RAM flakier than expected

Ref: Google: Computer memory flakier than expected (CNET DeepTech, Stephen Shankland)

Summary: According to tests at Google, it appears that today’s RAM modules have several thousand errors a year, which would be correctable if it weren’t for the fact that most of us aren’t using ECC RAM.

Previous research, such as some data from a 300-computer cluster, showed that memory modules had correctable error rates of 200 to 5,000 failures per billion hours of operation. Google, though, found the rate much higher: 25,000 to 75,000 failures per billion hours.

This is quite relevant for database servers because they write a lot rather than mainly read (desktop use). In the MySQL context, if a bit gets flipped in RAM, your data could get corrupted, or it’s ok on disk and you’re just reading corrupted data somehow.
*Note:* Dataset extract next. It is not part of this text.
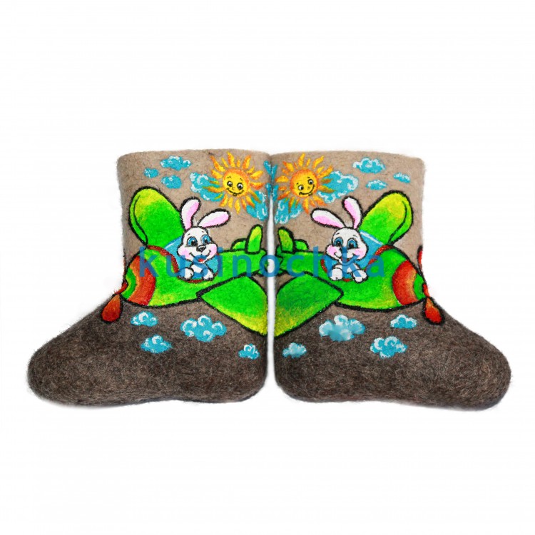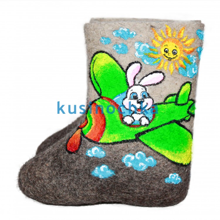 Купите в нашем интернет-магазине от пимокатного цеха "Кусиночка" г. Куса, красивые и теплые валенки-самокатки для детей с нарисоваными акриловыми красками зайцем-летчиком, парящим на самолете. Детские валенки "Заяц-летчик" по настоящему стануть отличным подарком Вашему ребенку или внуку на престоящие праздники, ведь они не только согреют ноги Вашего ребенка, но и станут прекрасным дополнением к его зимнему гардеробу.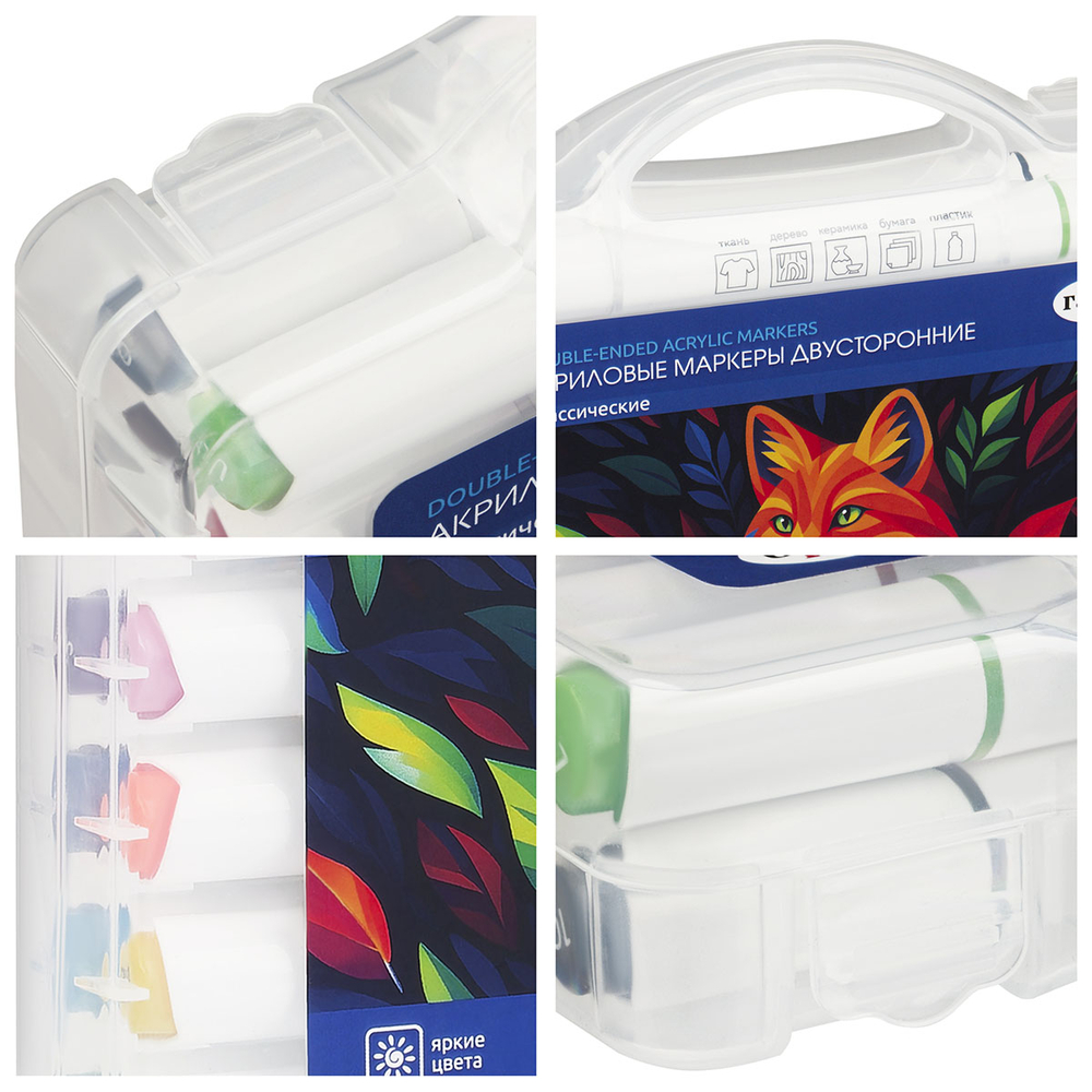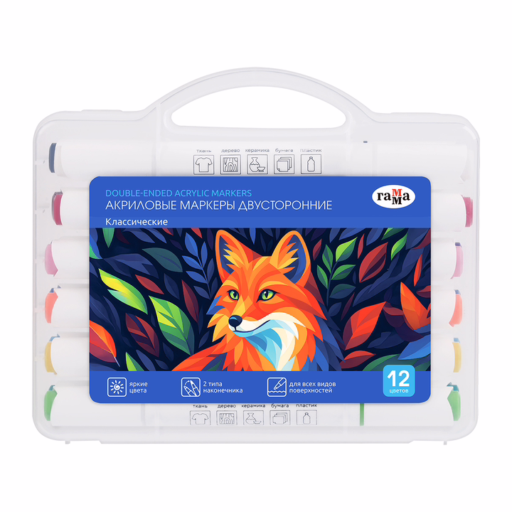 Маркерами можно рисовать на различных поверхностях: бумага, ткань, дерево, камень, пластик, стекло и т.д. Набор в пластиковом кейсе с ручкой и ячейками для каждого маркера.

While using more RAM is good for performance, it also means a bigger RAM footprint for your data and thus more exposure to the issue.

In MySQL 5.0 and the general 5.1, the binary and relay logs do not have checksums on log events. If something gets corrupted anywhere on disk or on its way to disk, garbage will come out and we have seen instances where this happens. There are patches to add a checksum to the binlog structure (Google worked on this) and we’ll be pushing for this to be ported into MariaDB 5.1 urgently. It’s no use having it just in later versions. It does change the on-disk format, but so be it. This is very very important stuff.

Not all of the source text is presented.